• Your assignment
Only some lines are wanted. Transcribe, exactly, the lines below from the line with "уровня сложности, Bondibon" up to and including the line with "Phòng khám Sản".

• Recorded information
· · · · · · ·

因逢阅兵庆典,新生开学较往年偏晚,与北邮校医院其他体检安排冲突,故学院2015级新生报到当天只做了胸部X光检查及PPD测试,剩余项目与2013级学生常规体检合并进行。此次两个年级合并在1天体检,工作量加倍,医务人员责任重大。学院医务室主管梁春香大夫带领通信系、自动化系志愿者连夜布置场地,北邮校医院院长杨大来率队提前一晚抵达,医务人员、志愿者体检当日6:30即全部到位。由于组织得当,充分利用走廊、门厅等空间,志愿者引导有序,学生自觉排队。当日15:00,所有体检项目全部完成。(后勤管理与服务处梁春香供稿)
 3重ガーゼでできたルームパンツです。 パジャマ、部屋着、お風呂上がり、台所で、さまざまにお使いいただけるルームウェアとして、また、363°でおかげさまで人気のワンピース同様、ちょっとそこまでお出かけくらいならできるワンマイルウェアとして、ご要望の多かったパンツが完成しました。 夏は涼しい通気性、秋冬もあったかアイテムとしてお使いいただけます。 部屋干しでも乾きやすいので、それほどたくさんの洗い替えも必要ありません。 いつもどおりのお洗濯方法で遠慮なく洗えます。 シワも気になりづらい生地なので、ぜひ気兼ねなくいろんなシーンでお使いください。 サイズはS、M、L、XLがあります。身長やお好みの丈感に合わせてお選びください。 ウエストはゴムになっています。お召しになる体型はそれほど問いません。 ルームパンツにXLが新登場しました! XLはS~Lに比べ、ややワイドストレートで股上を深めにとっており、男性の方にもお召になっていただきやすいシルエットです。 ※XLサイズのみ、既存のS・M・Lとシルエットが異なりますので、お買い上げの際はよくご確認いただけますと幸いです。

· · · · · · ·

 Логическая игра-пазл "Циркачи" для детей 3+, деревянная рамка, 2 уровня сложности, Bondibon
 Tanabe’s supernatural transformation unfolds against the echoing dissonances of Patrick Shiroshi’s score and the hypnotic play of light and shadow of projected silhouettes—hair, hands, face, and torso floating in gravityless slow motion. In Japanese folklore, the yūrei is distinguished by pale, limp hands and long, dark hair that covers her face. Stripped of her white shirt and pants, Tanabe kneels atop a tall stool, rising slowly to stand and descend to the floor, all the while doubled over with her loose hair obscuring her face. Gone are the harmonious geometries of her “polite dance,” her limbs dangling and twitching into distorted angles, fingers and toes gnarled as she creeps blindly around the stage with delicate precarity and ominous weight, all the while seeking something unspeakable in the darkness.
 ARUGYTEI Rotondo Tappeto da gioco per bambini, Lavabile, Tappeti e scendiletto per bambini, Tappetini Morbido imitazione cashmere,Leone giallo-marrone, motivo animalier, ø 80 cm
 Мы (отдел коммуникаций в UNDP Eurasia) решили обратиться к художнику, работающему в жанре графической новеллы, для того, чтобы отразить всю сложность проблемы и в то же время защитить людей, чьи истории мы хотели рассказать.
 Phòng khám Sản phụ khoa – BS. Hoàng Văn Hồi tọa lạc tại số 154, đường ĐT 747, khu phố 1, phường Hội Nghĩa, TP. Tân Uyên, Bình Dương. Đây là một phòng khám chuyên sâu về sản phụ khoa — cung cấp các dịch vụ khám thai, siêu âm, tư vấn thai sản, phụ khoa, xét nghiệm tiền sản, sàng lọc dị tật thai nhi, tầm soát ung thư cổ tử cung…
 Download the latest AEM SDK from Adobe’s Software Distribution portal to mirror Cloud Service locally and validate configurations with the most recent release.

· · · · · · ·

• Answer box
 Логическая игра-пазл "Циркачи" для детей 3+, деревянная рамка, 2 уровня сложности, Bondibon
 Tanabe’s supernatural transformation unfolds against the echoing dissonances of Patrick Shiroshi’s score and the hypnotic play of light and shadow of projected silhouettes—hair, hands, face, and torso floating in gravityless slow motion. In Japanese folklore, the yūrei is distinguished by pale, limp hands and long, dark hair that covers her face. Stripped of her white shirt and pants, Tanabe kneels atop a tall stool, rising slowly to stand and descend to the floor, all the while doubled over with her loose hair obscuring her face. Gone are the harmonious geometries of her “polite dance,” her limbs dangling and twitching into distorted angles, fingers and toes gnarled as she creeps blindly around the stage with delicate precarity and ominous weight, all the while seeking something unspeakable in the darkness.
 ARUGYTEI Rotondo Tappeto da gioco per bambini, Lavabile, Tappeti e scendiletto per bambini, Tappetini Morbido imitazione cashmere,Leone giallo-marrone, motivo animalier, ø 80 cm
 Мы (отдел коммуникаций в UNDP Eurasia) решили обратиться к художнику, работающему в жанре графической новеллы, для того, чтобы отразить всю сложность проблемы и в то же время защитить людей, чьи истории мы хотели рассказать.
 Phòng khám Sản phụ khoa – BS. Hoàng Văn Hồi tọa lạc tại số 154, đường ĐT 747, khu phố 1, phường Hội Nghĩa, TP. Tân Uyên, Bình Dương. Đây là một phòng khám chuyên sâu về sản phụ khoa — cung cấp các dịch vụ khám thai, siêu âm, tư vấn thai sản, phụ khoa, xét nghiệm tiền sản, sàng lọc dị tật thai nhi, tầm soát ung thư cổ tử cung…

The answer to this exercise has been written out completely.